My Interests, As Reverse Engineered by Amazon.com

According to Amazon.com’s reverse engineering of my purchases, here are my interests:

Accounting, Asia, Biology, Chaos & Systems, Cognitive Psychology, Communism & Socialism, Consciousness & Thought, Economic Conditions, Economic History, Economic Policy & Development, Epistemology, Ethics, Finance, Government, Greek & Roman, History & Surveys, History & Theory, Holocaust, Intelligence, Intelligence Agencies, International Relations, International Security, Investments & Securities, Japan, Logic, Marxism, Military & Spies, Military Science, Modern, Napoleon, Naval, Nonfiction, Nuclear, Philosophy, Physics, Political, Political History, Political Ideologies, Presidents & Heads of State, Public Policy, Purple Politics, Relations, Russia, Social Theory, Sociology, Statistics, Strategy, Theory, World War I

That reads about right. I could quibble about some omissions, e.g. where’s Europe. That being said, why do Amazon’s recommendations suck so much? How is it that I can routinely go into a bookstore and find, not obscurely hidden in a lesser-trafficked corner, but prominently displayed, some work of exceptional interest to me, but that Amazon hasn’t recommended? And the heavily cut tracks!
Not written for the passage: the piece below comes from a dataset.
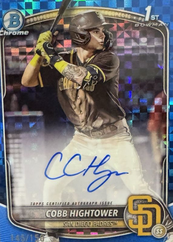 2025 Bowman Cobb Hightower 1st Bowman Chrome Blue X-fractor Auto /150 Padres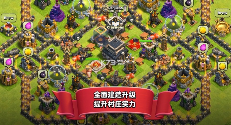 一款经典的策略类手游,这款游戏非常考验玩家的策略能力。部落冲突以策略战争为主题,通过经营自己的村庄,玩家可逐渐强大兵力,进而成千上万的玩家进行战斗。村庄到达一定等级后,还可与其他村庄结成部落,进行部落间的战斗。在部落冲突手游里你不仅能够组建自己的军队,带领部落获胜,还可以将怒气冲天的美髯野蛮人和纵火成痴的法师等队员待您招入麾下!建立村庄,赶走侵略者,对战全球数百万玩家。与他人一同建立强大部落,将敌军杀个片甲不留!在《部落冲突》里您还可以与全球玩家一较高下,夺取他们的奖杯,感受同场竞技的魅力。以真实社交为基准,让玩家体验跟现实中交友般趣味,加入了大量生活中的技能,即时的和线上好友互动!

I find that I have an occasional interest in, say, the U.S. Civil War, but that I refrain from adding a Civil War title to my wish list because the Civil War is such an overdone cottage industry: if you add a single Civil War title, next thing you know every new volume by every small-town antiquarian, about every two-bit local general is going to be recommended.

Update, 5 April 2008: And what the hell is “Purple Politics”? Everything listed under that category seems perfectly respectable, but when I hear “purple politics” I think of Jessica Cutler’s The Washingtonienne, the Starr Report or the tabloids on Nicolas Sarkozy and Carla Bruni.